Jasnoch V, Ernst K, Hundeiker M
Fachklinik Hornheide, Dermatologie, Westfälische Wilhelms-Universität, Münster.
Hautarzt. 1995 Apr;46(4):244-9. doi: 10.1007/s001050050248.
Keratoacanthomas are made up of the same spinocellular differentiated cell material as squamous cell carcinomas, but they differ from the latter in origin and growth properties. The majority--in our series 98% of 741 examined cases--are of the "crateriform" type, which after rapid growth during the initial stage give way to spontaneous regression, mostly with complete restoration of the cutaneous structure. Less than 2% belong to the rare destructive variants with disturbed or absent regression and persistent invasive growth. Keratoacanthoma marginatum centrifugum, mutilating keratoacanthomas and aggregated keratoacanthomas can lead to extremely severe defects. None of the "conservative" treatment methods recommended in the literature up to now has proved effective, with the exception of surgery and radiotherapy with tumour ratio doses. Many publications are obviously based on uncritically interpreted individual observations.
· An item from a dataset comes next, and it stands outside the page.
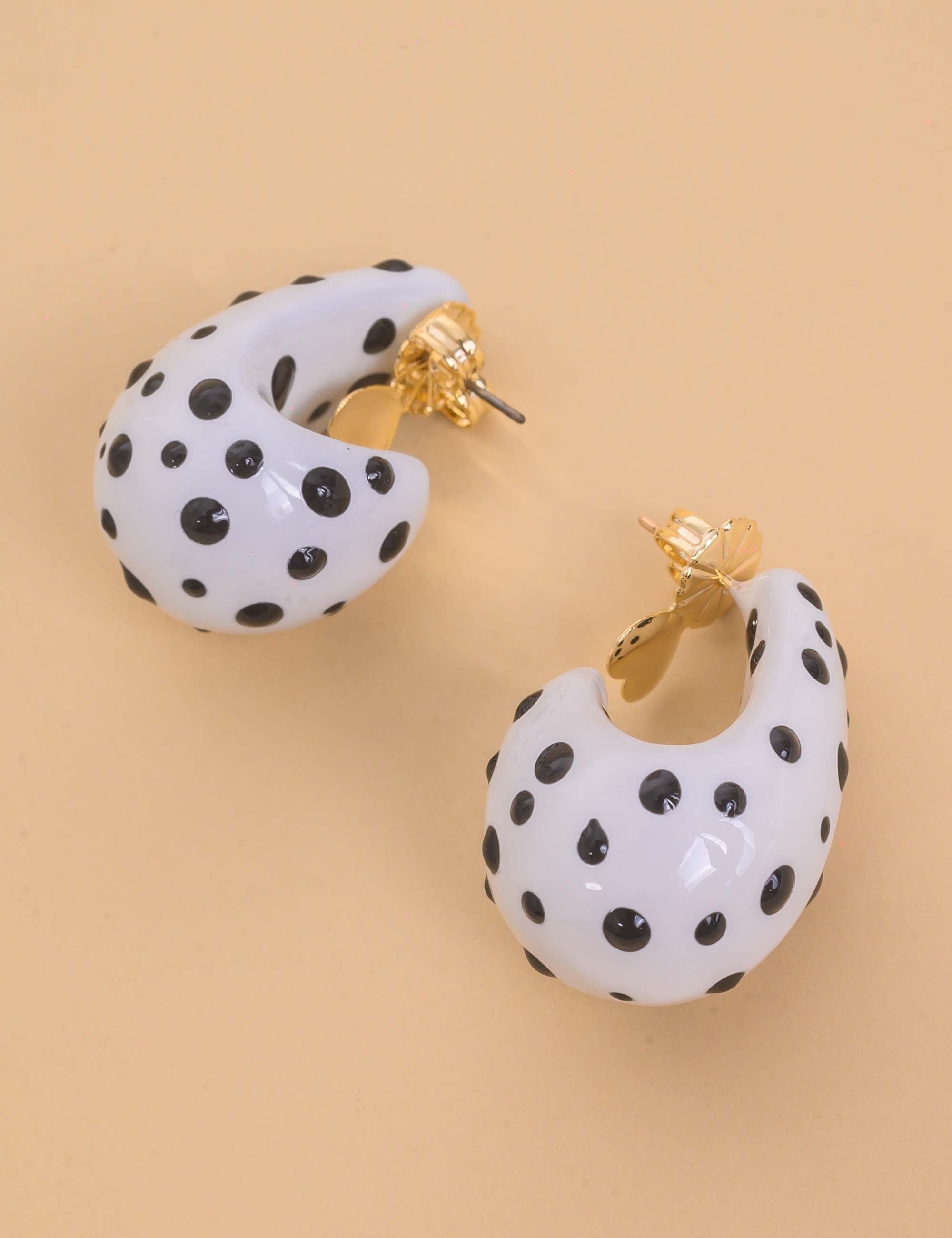 Brinco poá de resina preta com detalhes brancos, elegante e versátil, perfeito para adicionar charme e estilo ao visual.

角化棘皮瘤与鳞状细胞癌一样,由相同的棘细胞分化细胞物质组成,但它们在起源和生长特性上与后者不同。大多数——在我们的系列研究中,741例受检病例中的98%——属于“火山口状”类型,在初始阶段快速生长后会自发消退,大多数情况下皮肤结构会完全恢复。不到2%属于罕见的破坏性变体,消退受阻或没有消退,持续侵袭性生长。离心性边缘性角化棘皮瘤、毁形性角化棘皮瘤和聚集性角化棘皮瘤可导致极其严重的缺损。到目前为止,文献中推荐的“保守”治疗方法,除了手术和肿瘤比例剂量的放射治疗外,没有一种被证明是有效的。许多出版物显然是基于未经批判性解释的个别观察结果。